» WORK ITEM: In the material below, identify each line bearing the word "touche". Reproduce those lines.

» DATA SECTION:
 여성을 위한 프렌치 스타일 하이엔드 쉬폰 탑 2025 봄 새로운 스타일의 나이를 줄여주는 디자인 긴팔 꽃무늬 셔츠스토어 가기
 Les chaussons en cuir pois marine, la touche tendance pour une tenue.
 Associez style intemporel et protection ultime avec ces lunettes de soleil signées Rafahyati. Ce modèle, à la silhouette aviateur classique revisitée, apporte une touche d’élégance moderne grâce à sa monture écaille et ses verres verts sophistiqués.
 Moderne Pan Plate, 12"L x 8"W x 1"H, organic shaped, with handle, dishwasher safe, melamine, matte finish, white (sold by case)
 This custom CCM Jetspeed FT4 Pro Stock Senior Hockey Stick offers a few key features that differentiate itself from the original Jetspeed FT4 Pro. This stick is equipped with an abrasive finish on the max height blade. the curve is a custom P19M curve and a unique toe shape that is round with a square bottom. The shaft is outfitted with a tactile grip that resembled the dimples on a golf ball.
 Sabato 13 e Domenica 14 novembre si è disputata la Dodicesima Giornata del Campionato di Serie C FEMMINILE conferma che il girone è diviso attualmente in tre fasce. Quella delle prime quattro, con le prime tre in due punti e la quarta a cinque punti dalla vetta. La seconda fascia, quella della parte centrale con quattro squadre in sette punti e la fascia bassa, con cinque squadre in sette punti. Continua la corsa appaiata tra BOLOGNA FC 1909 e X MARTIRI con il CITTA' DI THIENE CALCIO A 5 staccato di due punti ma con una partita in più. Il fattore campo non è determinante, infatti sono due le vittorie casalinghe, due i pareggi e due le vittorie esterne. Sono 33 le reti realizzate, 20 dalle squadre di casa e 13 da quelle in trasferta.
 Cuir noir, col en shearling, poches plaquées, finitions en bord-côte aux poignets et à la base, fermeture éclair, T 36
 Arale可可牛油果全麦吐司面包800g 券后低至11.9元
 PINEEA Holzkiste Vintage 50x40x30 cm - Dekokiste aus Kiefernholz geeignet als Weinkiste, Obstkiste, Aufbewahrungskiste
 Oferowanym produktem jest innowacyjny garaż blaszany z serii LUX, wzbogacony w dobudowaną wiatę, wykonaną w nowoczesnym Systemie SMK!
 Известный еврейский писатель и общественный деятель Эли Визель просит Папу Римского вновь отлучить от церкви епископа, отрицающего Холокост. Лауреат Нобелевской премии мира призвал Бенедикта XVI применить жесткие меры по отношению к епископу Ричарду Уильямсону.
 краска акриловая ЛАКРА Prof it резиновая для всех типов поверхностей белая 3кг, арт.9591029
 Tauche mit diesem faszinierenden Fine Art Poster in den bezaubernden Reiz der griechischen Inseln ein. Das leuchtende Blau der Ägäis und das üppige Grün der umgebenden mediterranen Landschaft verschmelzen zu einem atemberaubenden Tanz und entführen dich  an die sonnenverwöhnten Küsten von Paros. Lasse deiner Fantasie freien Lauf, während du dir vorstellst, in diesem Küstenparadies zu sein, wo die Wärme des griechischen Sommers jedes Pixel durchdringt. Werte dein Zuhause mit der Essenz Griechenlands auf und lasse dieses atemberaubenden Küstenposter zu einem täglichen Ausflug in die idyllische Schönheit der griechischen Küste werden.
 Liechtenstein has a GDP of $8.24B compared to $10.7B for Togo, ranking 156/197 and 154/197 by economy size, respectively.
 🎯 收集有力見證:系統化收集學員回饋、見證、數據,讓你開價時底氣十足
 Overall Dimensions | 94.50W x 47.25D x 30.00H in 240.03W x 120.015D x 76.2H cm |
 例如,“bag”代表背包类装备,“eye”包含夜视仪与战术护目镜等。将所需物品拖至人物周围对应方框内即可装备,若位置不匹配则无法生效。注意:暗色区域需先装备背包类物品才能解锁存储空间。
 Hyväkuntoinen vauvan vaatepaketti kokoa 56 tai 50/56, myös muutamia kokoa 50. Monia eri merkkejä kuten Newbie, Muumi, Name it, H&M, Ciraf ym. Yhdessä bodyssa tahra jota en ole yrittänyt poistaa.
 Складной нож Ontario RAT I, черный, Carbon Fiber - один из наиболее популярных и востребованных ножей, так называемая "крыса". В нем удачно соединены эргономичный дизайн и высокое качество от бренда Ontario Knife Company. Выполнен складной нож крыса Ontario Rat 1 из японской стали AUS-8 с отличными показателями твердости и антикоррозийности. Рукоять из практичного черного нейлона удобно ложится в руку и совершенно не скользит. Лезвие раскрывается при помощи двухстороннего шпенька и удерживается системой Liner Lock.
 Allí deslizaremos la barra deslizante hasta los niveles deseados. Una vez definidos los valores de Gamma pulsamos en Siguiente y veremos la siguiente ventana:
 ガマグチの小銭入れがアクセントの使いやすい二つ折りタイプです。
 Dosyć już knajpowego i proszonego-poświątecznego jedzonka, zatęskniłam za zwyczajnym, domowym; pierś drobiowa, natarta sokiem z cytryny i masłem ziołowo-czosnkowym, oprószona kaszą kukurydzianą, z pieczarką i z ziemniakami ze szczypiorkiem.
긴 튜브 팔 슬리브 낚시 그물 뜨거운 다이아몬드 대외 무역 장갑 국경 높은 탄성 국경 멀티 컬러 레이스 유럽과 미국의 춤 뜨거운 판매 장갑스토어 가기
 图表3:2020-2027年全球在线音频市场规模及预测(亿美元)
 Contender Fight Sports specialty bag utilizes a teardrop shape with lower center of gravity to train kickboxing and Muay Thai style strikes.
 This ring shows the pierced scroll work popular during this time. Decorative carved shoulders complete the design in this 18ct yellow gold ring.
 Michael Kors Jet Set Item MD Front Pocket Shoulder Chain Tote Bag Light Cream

» ANSWER TO THE EXERCISE:
 Les chaussons en cuir pois marine, la touche tendance pour une tenue.
 Associez style intemporel et protection ultime avec ces lunettes de soleil signées Rafahyati. Ce modèle, à la silhouette aviateur classique revisitée, apporte une touche d’élégance moderne grâce à sa monture écaille et ses verres verts sophistiqués.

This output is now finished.